▶ [DATA FOR THIS TASK]

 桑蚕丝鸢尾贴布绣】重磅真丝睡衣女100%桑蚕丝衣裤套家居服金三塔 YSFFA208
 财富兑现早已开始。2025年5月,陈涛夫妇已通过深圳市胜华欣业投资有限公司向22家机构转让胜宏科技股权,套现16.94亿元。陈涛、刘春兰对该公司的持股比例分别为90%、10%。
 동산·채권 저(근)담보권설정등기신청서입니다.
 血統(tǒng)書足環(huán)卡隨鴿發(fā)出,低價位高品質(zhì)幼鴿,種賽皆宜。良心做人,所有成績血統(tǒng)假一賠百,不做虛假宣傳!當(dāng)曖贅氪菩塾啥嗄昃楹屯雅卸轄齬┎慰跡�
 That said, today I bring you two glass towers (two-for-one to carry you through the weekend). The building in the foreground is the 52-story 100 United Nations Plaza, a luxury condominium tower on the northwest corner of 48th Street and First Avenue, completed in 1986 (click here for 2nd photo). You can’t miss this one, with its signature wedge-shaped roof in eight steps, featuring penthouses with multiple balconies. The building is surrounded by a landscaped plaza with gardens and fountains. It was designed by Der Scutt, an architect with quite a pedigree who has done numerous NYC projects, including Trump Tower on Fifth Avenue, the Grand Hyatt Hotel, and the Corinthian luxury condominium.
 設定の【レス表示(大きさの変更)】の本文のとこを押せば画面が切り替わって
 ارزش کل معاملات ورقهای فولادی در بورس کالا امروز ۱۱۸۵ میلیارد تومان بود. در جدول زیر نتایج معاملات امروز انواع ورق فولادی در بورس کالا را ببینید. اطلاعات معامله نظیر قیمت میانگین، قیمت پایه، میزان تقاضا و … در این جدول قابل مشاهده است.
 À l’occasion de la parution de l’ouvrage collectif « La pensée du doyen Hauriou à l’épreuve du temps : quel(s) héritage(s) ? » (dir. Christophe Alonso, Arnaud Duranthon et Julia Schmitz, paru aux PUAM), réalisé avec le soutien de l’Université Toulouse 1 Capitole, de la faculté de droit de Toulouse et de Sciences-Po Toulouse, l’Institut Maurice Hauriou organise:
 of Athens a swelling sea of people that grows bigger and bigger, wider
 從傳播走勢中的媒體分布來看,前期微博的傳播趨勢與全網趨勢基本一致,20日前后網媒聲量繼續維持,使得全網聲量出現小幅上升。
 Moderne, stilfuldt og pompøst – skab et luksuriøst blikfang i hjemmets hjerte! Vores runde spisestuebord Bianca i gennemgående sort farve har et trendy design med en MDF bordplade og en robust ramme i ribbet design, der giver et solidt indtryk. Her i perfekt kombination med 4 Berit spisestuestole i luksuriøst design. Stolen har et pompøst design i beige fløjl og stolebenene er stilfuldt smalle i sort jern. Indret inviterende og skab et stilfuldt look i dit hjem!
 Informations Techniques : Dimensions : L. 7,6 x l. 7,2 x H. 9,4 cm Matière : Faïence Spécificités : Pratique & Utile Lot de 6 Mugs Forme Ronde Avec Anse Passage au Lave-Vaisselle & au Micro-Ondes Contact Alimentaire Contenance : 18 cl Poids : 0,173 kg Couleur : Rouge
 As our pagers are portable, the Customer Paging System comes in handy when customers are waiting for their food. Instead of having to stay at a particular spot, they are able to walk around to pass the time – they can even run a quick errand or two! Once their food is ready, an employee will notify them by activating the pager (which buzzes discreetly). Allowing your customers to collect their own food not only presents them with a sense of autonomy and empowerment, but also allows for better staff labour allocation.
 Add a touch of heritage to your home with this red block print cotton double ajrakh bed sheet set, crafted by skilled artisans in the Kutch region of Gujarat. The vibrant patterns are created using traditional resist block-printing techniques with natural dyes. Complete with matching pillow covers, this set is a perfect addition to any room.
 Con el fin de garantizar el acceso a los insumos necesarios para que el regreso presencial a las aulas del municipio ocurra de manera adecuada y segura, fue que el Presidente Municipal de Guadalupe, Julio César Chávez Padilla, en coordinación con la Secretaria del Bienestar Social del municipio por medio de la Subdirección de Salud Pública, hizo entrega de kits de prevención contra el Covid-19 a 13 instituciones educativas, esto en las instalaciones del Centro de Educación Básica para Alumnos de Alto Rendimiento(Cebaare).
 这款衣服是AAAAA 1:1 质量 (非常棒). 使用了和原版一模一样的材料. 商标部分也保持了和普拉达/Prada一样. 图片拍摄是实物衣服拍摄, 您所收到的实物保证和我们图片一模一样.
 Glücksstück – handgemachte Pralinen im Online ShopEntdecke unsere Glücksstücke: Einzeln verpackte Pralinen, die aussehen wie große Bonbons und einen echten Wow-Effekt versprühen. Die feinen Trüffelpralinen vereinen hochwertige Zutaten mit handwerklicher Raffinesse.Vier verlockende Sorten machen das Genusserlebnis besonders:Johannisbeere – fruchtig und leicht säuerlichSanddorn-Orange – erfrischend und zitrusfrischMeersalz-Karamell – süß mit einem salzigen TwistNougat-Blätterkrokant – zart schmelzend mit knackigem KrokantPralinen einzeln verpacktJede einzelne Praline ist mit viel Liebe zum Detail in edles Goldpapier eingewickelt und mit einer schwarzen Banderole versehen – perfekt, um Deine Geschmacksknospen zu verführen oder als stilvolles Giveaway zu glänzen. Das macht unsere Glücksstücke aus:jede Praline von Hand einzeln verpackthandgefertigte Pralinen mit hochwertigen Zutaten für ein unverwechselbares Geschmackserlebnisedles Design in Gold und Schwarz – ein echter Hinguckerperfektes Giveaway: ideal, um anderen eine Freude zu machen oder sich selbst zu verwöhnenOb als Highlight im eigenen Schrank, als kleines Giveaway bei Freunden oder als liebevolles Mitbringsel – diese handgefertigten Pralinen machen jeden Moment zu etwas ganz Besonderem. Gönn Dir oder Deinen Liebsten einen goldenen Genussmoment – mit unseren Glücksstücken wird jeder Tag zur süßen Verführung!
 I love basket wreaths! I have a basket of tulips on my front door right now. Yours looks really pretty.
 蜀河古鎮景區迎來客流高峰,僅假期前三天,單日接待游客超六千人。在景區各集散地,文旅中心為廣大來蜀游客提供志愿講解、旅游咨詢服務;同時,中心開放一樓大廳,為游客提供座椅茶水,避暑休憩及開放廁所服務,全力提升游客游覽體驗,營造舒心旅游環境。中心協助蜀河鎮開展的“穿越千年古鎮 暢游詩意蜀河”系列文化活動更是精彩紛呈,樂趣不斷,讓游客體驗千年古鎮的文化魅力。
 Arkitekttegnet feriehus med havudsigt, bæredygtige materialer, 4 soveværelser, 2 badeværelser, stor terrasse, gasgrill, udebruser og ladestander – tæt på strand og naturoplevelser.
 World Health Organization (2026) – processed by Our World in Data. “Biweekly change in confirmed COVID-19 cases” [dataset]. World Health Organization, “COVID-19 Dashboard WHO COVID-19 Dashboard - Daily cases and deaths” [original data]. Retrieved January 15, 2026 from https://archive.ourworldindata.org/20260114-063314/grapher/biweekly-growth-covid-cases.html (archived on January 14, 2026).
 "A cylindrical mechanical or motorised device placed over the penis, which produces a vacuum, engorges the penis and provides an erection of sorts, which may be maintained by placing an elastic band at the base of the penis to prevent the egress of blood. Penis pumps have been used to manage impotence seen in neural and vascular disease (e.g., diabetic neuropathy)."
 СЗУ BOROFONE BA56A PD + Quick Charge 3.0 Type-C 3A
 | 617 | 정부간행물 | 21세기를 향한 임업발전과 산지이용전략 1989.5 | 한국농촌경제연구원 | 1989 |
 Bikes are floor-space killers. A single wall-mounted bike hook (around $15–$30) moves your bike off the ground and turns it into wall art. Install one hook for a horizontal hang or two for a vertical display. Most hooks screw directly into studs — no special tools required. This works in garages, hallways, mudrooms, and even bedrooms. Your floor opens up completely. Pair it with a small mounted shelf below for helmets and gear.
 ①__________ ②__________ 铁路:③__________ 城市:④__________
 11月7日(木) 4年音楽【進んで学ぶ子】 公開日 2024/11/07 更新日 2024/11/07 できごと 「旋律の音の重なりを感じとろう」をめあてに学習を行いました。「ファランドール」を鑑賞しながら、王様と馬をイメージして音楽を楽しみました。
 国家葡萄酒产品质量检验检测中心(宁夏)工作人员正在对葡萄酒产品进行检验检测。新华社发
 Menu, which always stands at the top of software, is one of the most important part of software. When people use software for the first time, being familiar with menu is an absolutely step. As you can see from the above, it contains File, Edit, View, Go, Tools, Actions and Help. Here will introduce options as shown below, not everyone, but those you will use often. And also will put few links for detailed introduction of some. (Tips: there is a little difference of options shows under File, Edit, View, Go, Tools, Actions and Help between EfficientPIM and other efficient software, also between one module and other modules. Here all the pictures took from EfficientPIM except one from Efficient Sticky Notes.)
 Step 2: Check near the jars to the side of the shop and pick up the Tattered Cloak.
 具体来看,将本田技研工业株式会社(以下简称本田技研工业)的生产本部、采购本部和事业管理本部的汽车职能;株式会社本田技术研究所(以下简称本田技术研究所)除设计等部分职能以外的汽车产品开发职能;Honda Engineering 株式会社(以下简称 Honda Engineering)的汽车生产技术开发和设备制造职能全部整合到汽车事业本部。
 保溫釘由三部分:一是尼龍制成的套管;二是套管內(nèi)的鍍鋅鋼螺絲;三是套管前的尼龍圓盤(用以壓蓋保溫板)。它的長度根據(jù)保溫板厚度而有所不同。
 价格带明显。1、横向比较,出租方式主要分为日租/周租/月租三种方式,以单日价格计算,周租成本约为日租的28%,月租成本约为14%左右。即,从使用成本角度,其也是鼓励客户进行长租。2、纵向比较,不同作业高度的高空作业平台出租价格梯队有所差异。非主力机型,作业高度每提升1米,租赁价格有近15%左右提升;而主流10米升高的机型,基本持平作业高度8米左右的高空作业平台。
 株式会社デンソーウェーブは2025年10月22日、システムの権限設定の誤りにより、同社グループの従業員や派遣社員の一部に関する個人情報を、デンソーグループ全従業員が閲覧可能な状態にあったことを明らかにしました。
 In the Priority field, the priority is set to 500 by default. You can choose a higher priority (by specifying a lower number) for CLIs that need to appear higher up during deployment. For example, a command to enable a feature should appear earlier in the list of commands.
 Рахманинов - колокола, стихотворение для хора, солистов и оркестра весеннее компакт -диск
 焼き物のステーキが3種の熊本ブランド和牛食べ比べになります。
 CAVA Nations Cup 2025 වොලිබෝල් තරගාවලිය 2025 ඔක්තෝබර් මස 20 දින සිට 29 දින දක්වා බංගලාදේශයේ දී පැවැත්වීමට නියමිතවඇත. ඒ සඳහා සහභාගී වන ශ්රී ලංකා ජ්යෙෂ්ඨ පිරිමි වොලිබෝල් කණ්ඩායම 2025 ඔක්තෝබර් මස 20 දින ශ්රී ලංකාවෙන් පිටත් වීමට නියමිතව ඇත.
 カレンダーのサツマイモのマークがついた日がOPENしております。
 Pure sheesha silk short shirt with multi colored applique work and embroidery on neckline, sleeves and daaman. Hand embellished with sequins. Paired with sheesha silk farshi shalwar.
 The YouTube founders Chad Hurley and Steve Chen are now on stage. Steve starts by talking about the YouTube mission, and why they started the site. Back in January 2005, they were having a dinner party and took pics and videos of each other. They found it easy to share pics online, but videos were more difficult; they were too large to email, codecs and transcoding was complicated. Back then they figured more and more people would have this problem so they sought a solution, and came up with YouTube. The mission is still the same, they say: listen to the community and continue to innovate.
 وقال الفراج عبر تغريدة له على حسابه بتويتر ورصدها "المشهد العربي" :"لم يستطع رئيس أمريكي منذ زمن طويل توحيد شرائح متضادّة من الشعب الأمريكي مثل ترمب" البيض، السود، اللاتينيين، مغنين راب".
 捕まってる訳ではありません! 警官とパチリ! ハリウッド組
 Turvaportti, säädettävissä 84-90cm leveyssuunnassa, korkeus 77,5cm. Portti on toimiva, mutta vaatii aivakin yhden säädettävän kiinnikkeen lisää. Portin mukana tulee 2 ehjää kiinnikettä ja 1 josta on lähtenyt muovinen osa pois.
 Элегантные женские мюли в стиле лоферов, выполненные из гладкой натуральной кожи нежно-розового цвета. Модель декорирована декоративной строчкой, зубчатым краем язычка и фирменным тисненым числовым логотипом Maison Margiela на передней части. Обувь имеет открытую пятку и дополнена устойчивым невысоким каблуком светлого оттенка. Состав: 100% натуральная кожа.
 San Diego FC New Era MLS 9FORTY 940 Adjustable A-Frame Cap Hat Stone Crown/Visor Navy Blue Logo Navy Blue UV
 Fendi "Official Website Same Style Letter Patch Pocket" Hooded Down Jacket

▶ [TO DO] Please transcribe exactly the lines above from the line that has "捕まってる訳ではありません! 警官とパチリ! ハリウッド組" up to and including the line that has "Turvaportti, säädettävissä 84-90cm"; no other line belongs in the answer.

▶ [OUTPUT FOR THIS TASK]
 捕まってる訳ではありません! 警官とパチリ! ハリウッド組
 Turvaportti, säädettävissä 84-90cm leveyssuunnassa, korkeus 77,5cm. Portti on toimiva, mutta vaatii aivakin yhden säädettävän kiinnikkeen lisää. Portin mukana tulee 2 ehjää kiinnikettä ja 1 josta on lähtenyt muovinen osa pois.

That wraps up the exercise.